Only the cites-relation allows to answer queries like
- Which documents are surveys?
- Which documents cover similar themes compared to a given document?
- Which current research is based on a document?
- Which documents are cross-disciplinary?
Besides the method allows to visualize complete document stocks according to
user-defined criteria which is impossible with todays methods.
For example literature references between all documents in a field
A, which are published since year
T, can be
represent as a graph. Restricting the search to references of the type
document X improves contents of document Y
enables user to perceive the developement in a subject of research.
To visualize such reference graphs suited tools including
cone trees
[RobMac91]
[RoCaMa93]
[Engl95]
and perspective walls
[RoCaMa93]
[MaRoCa91]
[Engl95], have to be
integrated in the system. Because of the specialization of the
visualization tools known today, it seems important to us to offer users
various representation tools.
People who activly work in a subject of research possibly want to complete
their views of the information space through
personal information. This
can be done by taking up more publications which are cited in own papers
or through subjective annotations like
- The quotation of document Y in document X is relevant.

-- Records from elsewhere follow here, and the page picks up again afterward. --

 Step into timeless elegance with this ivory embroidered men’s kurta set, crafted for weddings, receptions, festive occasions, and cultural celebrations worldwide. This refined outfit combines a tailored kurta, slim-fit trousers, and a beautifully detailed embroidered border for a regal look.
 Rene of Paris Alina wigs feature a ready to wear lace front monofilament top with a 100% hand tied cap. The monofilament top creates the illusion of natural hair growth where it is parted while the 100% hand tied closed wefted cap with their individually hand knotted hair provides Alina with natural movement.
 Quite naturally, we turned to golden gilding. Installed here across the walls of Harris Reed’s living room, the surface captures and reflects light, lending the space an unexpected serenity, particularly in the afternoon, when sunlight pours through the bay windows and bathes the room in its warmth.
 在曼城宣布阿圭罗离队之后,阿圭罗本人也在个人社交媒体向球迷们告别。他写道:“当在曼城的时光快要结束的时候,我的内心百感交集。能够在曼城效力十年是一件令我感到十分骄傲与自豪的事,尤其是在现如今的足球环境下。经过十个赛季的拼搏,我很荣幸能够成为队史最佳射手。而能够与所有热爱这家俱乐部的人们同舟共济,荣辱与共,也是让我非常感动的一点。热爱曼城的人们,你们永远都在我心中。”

- Document X contains a very good representation of the technique
B.
Finally we expect to represent
personal notes as documents, too. This
will be useful to compare two basic approaches from different research groups
and to refer to the respective publications.
These extensions are the topics of the second phase of the project. Here we
will especially investigate the following problems:
-
How can the separation of public and private information and the cyclic
updating of the public stock be handled in a consistent way.
-
Is it possible to integrate the expert knowledge of users? The idea is to allow
the transfer of objective facts in the public part of the database by users.

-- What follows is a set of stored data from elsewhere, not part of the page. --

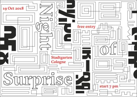 "Night of Surprise" is a free-entry, highly open-minded music one-nighter offering a wild mix of non-mainstream music. The annual event has quickly established itself as Cologne ́s most progressive music festival: In its first four editions it featured musicians like contem- porary soprano Donatienne Michel-Dansac, Peter Evans ́ Pulverize the Sound, Zs, Felix Ku- bin, Baby Dee, synth-extremist Thomas Ankersmit, Sofia Jernberg and Hail Mergia as well as edgy club acts like Hieroglyphic Being, DJ Nigga Fox, Rabih Beaini or Mutamassik with little known musicians and bands from Cologne or different subcultures. It brought out some 1000+ people last year. Here is some footage. Video Night of Surprise 2015
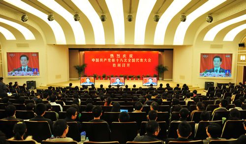 上午8:30,全校近2000名师生,来到分布于位于四个校区的报告厅、会议室,集体收看党的十八大直播。在复旦大学光华楼吴文政报告厅内,在校的党政领导、已经退休的老党员老同志代表、学者、教师和学生400余人齐聚一堂,共同聆听、学习了胡锦涛总书记作的大会报告。
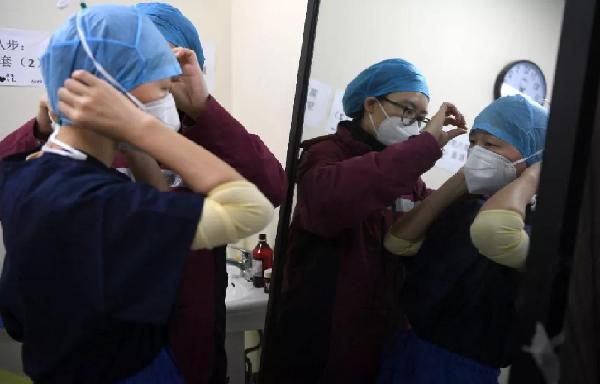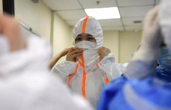 武漢協(xié)和醫(yī)院(西院),湘雅醫(yī)院的護(hù)士正在穿防護(hù)衣。經(jīng)濟(jì)日?qǐng)?bào)記者高興貴攝
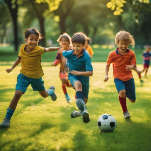 Los niños tienen la oportunidad de dividirse en equipos y participar en un partido lleno de acción y
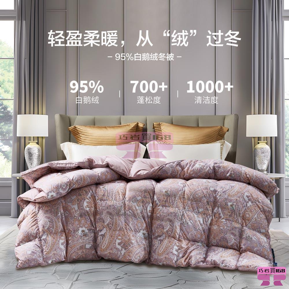 填充物:95%白鵝絨 填充物克重:1100g 藝術印花,防鑽絨面料,厚實耐磨
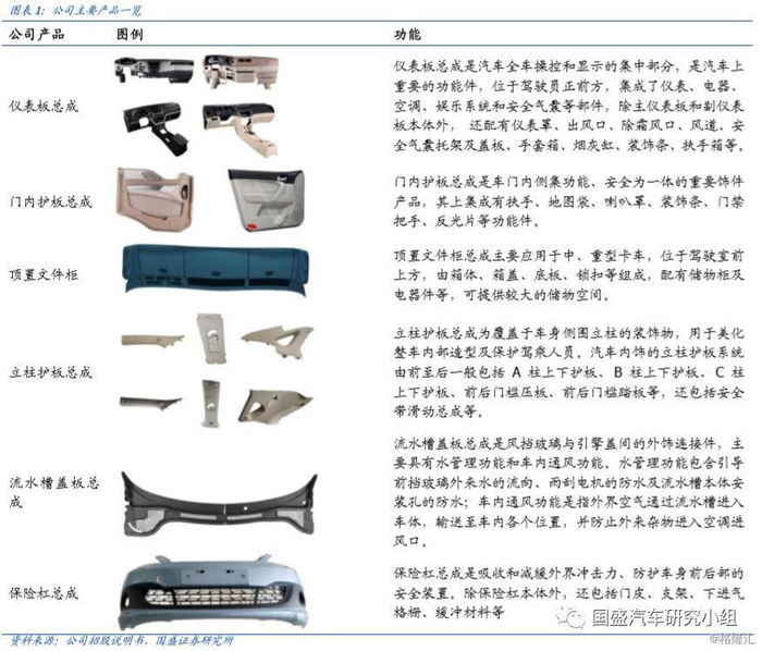 全国百强零部件供应商,主营内饰三大件,为整车厂一级供应商。公司是汽车饰件整体解决方案提供商,连续十二届(2007-2018 年)被中国汽车报社评定为全国百家优秀汽车零部件供应商。目前公司拥有较为完善的汽车饰件产品系列,主要产品包括仪表板总成、顶置文件柜总成、门内护板总成、立柱护板总成、流水槽盖板总成和保险杠总成等,并已实现产品在商用车及乘用车应用领域的全覆盖。
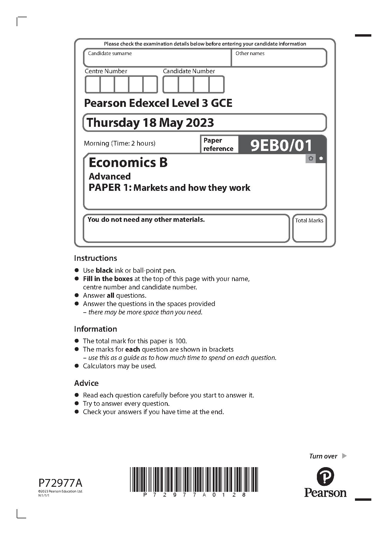 PEARSON EDEXCEL A LEVEL ECONOMICS B QUESTION PAPER 1 2023 (9EB0/01:Markets and how they work). PEARSON EDEXCEL A LEVEL ECONOMICS B QUESTION PAPER 1 2023 (9EB0/01:Markets and how they work) Pearson Edexcel A and AS Papers and Mark Schemes

To evaluate our ideas we implement a user interface for the international
free available geometry literature database
geombib which is freely available.
This bibliography is maintained as a collective effort by members of the
computational geometry community. It is supported at the University of
Saskatchewan. It contains over 8000 entries in BibT
EX-format.
Updated versions of the database appear three times per year. Updates contain
all papers published in relevant journals or in conference volumes of the
larger conferences since the last update. Users can also send other new
publications, additional entries or corrections to the coordinator
Bill Jones for integration into an
update. By this way contributions to workshops and new technical reports will
be recorded, too.
Over the last years, the number of wrong or unusable geombib entries has
grown alarmingly. Papers are listed with incorrect titles, missing authors,
incorrect or missing page numbers, misspelled journal names, overly
abbreviated conference names, and so on. Because of these errors some entries
are stored several times - with different keys - in the database. One part of
our current work is BibConsist: a tool,
which checks the database for those inconsistencies.
To avoid these problems we plan to develop an interface for contributing
changes or new entries in a uniform way.
Currently we are also entering missing entries and relations into the database.
The volumes 85-94 and 96 of the ACM SoCG Proceedings are already finished.